● TASK DETAILS
Give again, word for word, every line in the entries below from the line with "(Окончание. Начало на стр. 1)." up to and including the line with "ضمن اهتمامها الدائم", and no other line.

----- INPUT DATA -----

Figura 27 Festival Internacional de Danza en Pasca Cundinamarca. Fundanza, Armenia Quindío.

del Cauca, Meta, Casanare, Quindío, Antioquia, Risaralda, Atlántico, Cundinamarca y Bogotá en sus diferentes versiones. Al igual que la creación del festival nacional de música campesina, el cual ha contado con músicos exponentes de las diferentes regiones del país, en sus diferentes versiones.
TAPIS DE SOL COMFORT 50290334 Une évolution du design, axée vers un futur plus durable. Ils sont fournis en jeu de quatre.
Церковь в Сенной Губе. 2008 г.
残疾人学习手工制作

-----
----- INPUT DATA -----

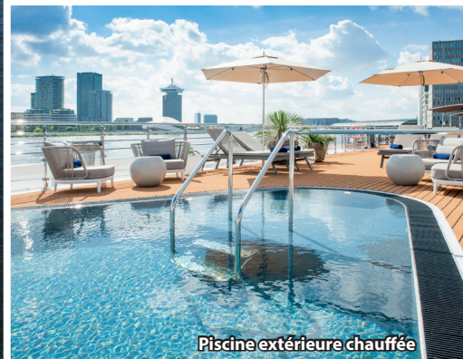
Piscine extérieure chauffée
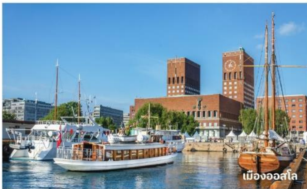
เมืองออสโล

-----
----- INPUT DATA -----

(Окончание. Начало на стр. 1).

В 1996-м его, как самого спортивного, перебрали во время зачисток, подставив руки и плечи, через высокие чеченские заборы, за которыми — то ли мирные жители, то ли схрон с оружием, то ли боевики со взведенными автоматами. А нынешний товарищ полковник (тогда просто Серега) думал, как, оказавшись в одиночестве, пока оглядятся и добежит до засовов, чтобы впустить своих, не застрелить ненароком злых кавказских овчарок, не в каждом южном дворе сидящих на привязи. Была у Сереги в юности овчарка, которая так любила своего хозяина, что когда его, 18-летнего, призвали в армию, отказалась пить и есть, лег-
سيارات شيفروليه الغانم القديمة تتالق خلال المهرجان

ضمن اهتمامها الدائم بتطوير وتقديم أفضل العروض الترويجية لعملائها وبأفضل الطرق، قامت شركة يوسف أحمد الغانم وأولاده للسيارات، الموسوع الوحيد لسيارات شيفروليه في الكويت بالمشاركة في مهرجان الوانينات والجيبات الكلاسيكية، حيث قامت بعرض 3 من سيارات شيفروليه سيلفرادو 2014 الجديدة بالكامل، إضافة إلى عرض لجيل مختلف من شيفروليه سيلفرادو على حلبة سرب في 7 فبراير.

-----

● ANSWER TO THIS EXERCISE
(Окончание. Начало на стр. 1).

В 1996-м его, как самого спортивного, перебрали во время зачисток, подставив руки и плечи, через высокие чеченские заборы, за которыми — то ли мирные жители, то ли схрон с оружием, то ли боевики со взведенными автоматами. А нынешний товарищ полковник (тогда просто Серега) думал, как, оказавшись в одиночестве, пока оглядятся и добежит до засовов, чтобы впустить своих, не застрелить ненароком злых кавказских овчарок, не в каждом южном дворе сидящих на привязи. Была у Сереги в юности овчарка, которая так любила своего хозяина, что когда его, 18-летнего, призвали в армию, отказалась пить и есть, лег-
سيارات شيفروليه الغانم القديمة تتالق خلال المهرجان

ضمن اهتمامها الدائم بتطوير وتقديم أفضل العروض الترويجية لعملائها وبأفضل الطرق، قامت شركة يوسف أحمد الغانم وأولاده للسيارات، الموسوع الوحيد لسيارات شيفروليه في الكويت بالمشاركة في مهرجان الوانينات والجيبات الكلاسيكية، حيث قامت بعرض 3 من سيارات شيفروليه سيلفرادو 2014 الجديدة بالكامل، إضافة إلى عرض لجيل مختلف من شيفروليه سيلفرادو على حلبة سرب في 7 فبراير.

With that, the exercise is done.